From the October 26, 1990 edition of the Vineyard Gazette:
Vineyard celebrants of Halloween are sometimes too quick to recite ghost stories from the mainland and not those of here. In the cold season ahead Vineyarders needn’t look too far to find something going bump in the night.
Take, for instance, the ghost who resides at the county jail.
Some correctional officers insist this ghost exists. Others are skeptical. From the different Island towns, a few police officers say they’ve seen it. Others laugh at the suggestion that one could exist.
If there is any area of agreement, it is that when it comes to ghost stories among law enforcement officials working the night shift, this is the best one of them all.
“I didn’t really believe it when I started here,” says Sgt. Randolph M. Ditson, 42, a deputy sheriff who works at the jail from 11 p.m. to 7 a.m. Night after night, Mr. Ditson has spent the last eight years seeing to it that the inmates are properly secured at “lights out.” And he processes the new arrivals that are brought soon after the Vineyard bars close. Sergeant Ditson is a big man, not easily pushed or shaken by any visitor to what some humorously call the county inn.
But when Sergeant Ditson first found out there was a ghost at the jail, he says, he was quite shaken. Today he has managed to get used to him. The ghost the men call “Old Joe” is like any other inmate except that this one seems stuck on death row.

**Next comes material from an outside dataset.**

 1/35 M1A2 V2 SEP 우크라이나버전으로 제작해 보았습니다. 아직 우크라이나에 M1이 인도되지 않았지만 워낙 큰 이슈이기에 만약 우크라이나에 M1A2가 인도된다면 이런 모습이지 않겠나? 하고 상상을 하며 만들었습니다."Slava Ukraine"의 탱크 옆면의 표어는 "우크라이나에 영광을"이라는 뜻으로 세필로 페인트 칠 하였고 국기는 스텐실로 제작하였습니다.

“You walk upstairs and then all of a sudden you feel it is real cool,” Sergeant Ditson says. On the ground floor, he says, he has sat at his desk and heard the water turned on in the kitchen. He has walked into the kitchen to find no one there to turn the water on. At other times, the ghost has played with the lights.

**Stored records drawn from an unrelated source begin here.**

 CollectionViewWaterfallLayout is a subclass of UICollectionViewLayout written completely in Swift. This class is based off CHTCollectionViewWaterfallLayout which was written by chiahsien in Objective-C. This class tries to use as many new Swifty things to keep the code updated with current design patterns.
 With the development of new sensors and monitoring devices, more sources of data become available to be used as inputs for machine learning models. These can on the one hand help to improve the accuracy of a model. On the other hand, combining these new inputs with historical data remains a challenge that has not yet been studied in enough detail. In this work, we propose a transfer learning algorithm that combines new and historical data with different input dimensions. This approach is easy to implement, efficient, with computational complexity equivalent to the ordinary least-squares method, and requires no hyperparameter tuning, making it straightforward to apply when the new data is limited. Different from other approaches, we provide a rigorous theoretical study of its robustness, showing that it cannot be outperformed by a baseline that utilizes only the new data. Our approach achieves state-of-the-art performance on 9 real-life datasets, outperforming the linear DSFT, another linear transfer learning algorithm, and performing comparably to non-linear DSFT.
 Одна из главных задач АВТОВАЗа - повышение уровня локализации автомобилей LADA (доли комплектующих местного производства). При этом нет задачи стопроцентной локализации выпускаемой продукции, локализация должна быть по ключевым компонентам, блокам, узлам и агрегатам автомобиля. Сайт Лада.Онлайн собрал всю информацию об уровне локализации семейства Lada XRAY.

The ghost has been known to operate the typewriter and turn the radio on. “One night we heard typing and there was nobody in there typing,” Mr. Ditson says.

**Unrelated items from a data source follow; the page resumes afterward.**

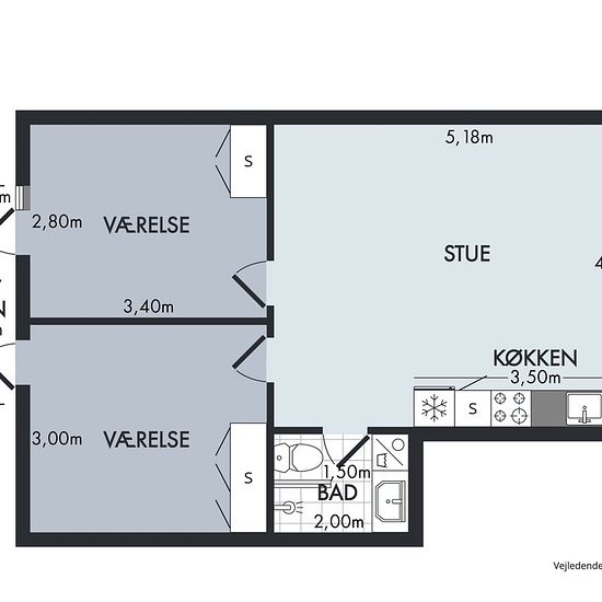 - 3 værelser
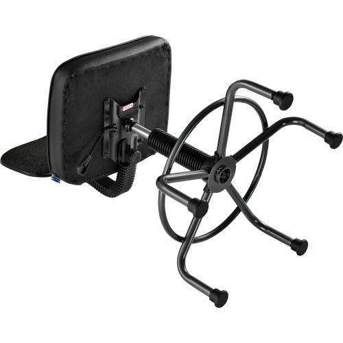 Interion Ultra Comfort Stool Black Fabric This Interion By Global Industrial fabric upholstered stool is quality-constructed with a contoured 18"W x 16-1/4"D seat and 16"W x 10"H back design to help eliminate discomfort and fatigue. Extra thick 3-3/4'' fabric seat. 4-way adjustable backrest for customized support. Pneumatic seat height adjusts from 21 - 25". 18'' diameter foot ring allows 360 degree swivel. The steel base measures 23-1/2" diameter overall. Easy Assembly. 1-Year Limited Warranty.
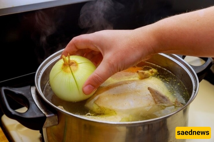 Do not discard the water used to cook the chicken. Strain it to remove large pieces like onion and carrot, and use it as the base for your soup. For a whiter soup, avoid adding turmeric to the stock.
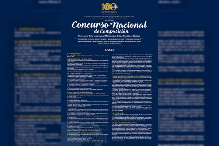 La Universidad Michoacana de San Nicolás de Hidalgo, a través de la Comisión para la Conmemoración del Centenario y la Secretaría de Difusión Cultural y Extensión Universitaria invita a los compositores mexicanos, a participar en la convocatoria del Concurso Nacional de Composición "Centenario de la Universidad Michoacana de San Nicolás der Hidalgo".
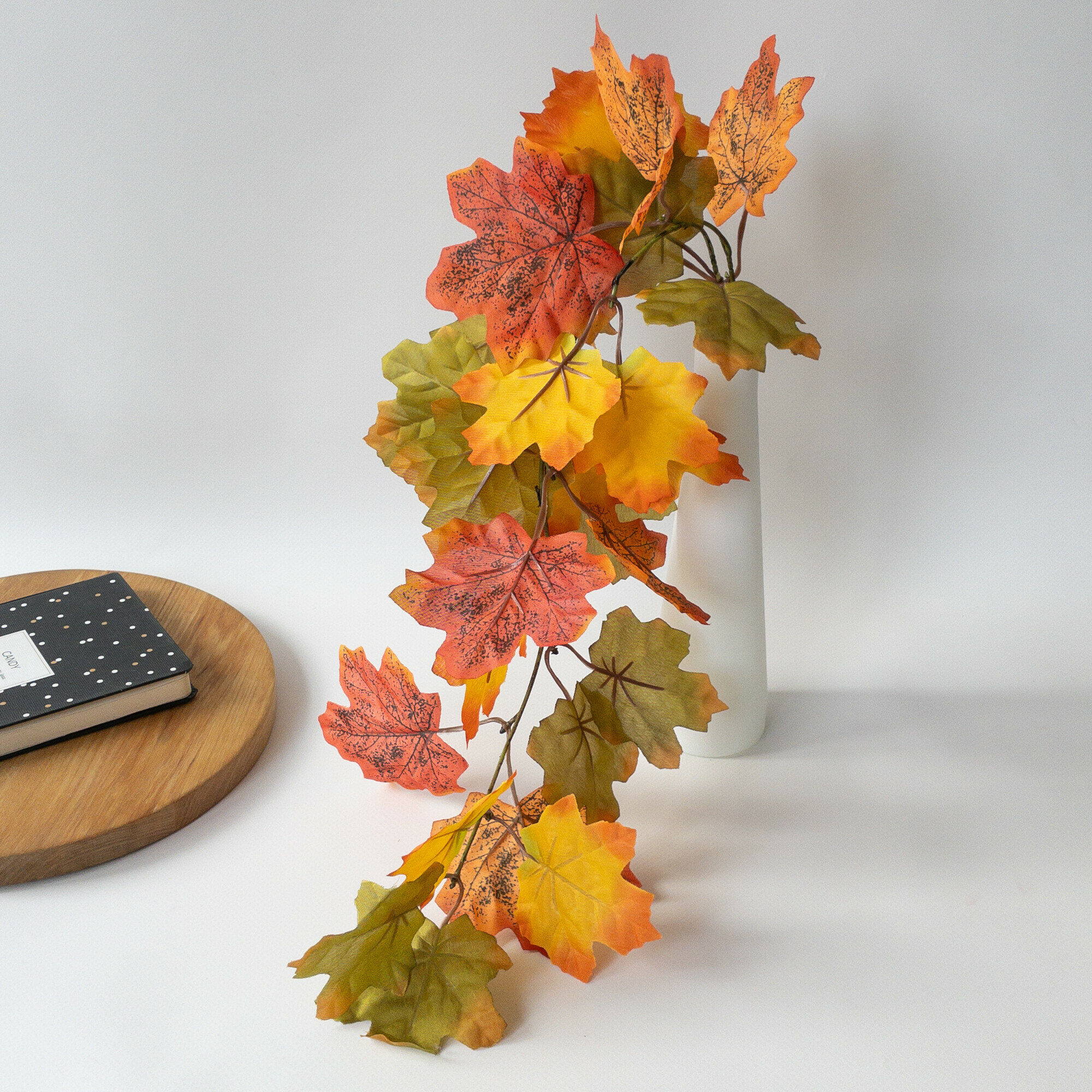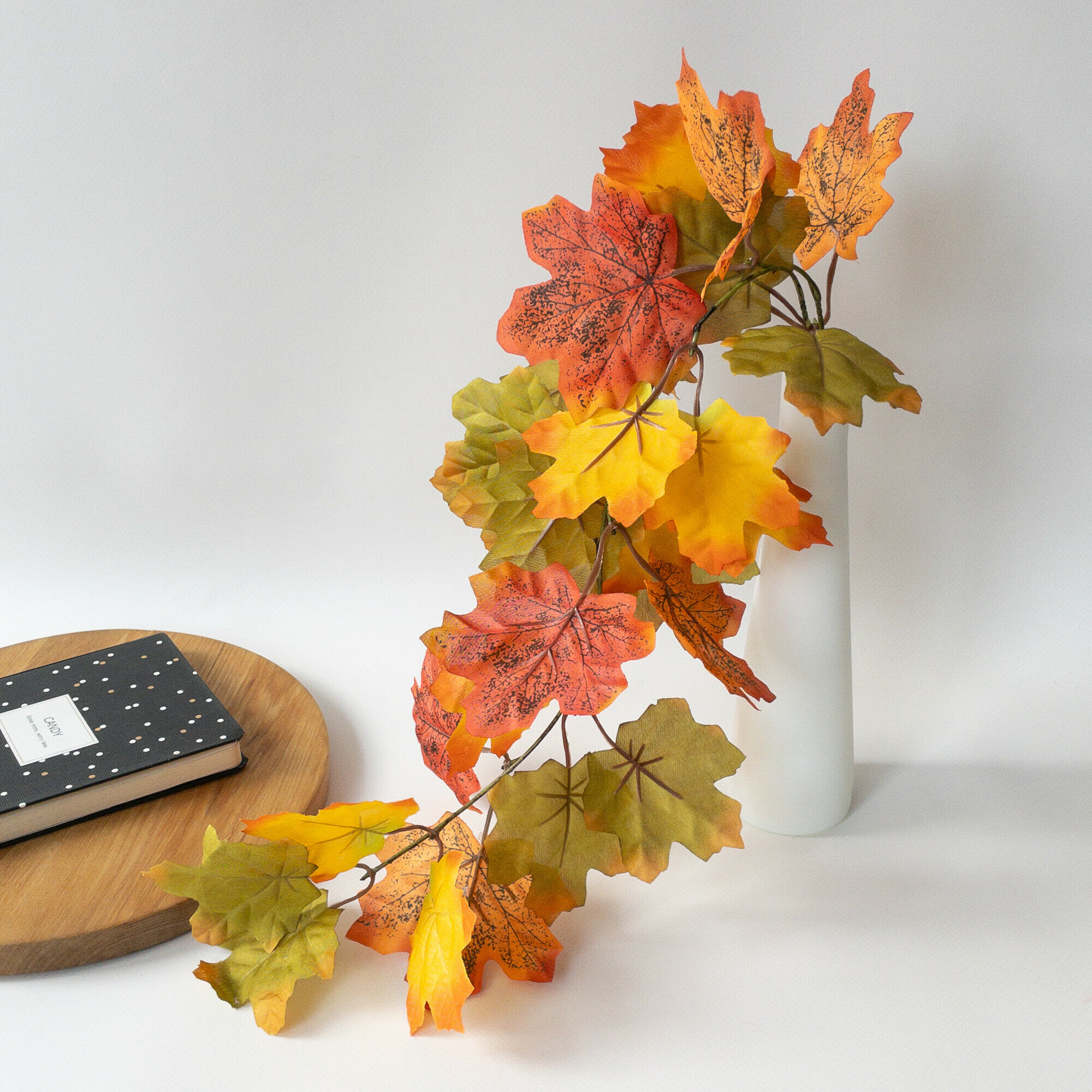 Купить Кленовые листья на свисающей ветке, искусственные, Осенний декор, 63 см, 1 ветка в наборе

“He is a harmless spirit that just likes to be around.”
William L. Searle worked at the county jail from 1983 to the end of 1987. Today he works as a state environmental police officer. “Old Joe,” he says, was as much a resident of the jail as some of the regular visitors.
“There was no rhyme or reason for it. It just happened once in a while,” Mr. Searle says.
“The midnight shift was a good time to do paper work, so you would spend hours at a desk,” Mr. Searle recalls. Then upstairs, he would begin hearing someone moving down the hall. It didn’t make sense. All the inmates were supposedly locked in their cells and asleep. “I heard distinct footsteps. I cannot tell you how many times it happened. It got to a point I’d hear him walking around quite a lot. At first I thought that an inmate got out of his cell. I would go through the whole institution with the lights on and then I’d find no one,” Mr. Searle says.
The footsteps in the hallway upstairs changed to footsteps on the wooden stairs. “Then I would hear footsteps walking the full length of the ground floor hall to the office. And then I would turn around fully expecting to see someone and there would be no one,” Mr. Searle says.
Seven television monitors in the office are the extra eyes that give the officers an opportunity to keep a close watch on the activity around the jail. Few actions escape attention. Oak Bluffs police officer Robert Duart says he doesn’t believe in ghosts, but he has seen it on the monitor.
Even as a child, Mr. Duart recalled hearing stories about the ghost at the jail. “I never paid any attention to it,” he says, until later. One night Mr. Duart was observing the monitors with other correctional officers. They watched the television screen that showed a picture of the inmates’ day-room. A fuzzy image moved across the room. “You know you don’t believe, but in your subconscious there is something,” he says. From then on, Mr. Duart says: “You look over your shoulder.”
The records of the county jail tell of an old man named Joe who hung himself in his cell during the winter of 1950.
But questions of whether it is Old Joe or someone else still abound when police officers gather for coffee in the jail booking office late at night.
Sheriff Christopher S. Look said he recalls as a young man being told about a ghost Fred H. Worden, the master and keeper of the jail. Even though the ghost might not be Old Joe, it may curiously draw its origins from years before.
The original 13-cell jail was built in 1848, making the facility one of the oldest of Vineyard buildings. The granite stone that makes up each of the original cells is said to have come from Indian Hill in West Tisbury. Generations of fresh coats of gray and white paint have softened the texture of the heavy stone.
Cell windows and doors are still barred by inch-thick iron. And the ghost seems to wander knowledgeably only around the old part of the building.
“Get back in your cell,” has become the common call by correctional officers whenever Old Joe has taken to the hallways and gotten out of hand.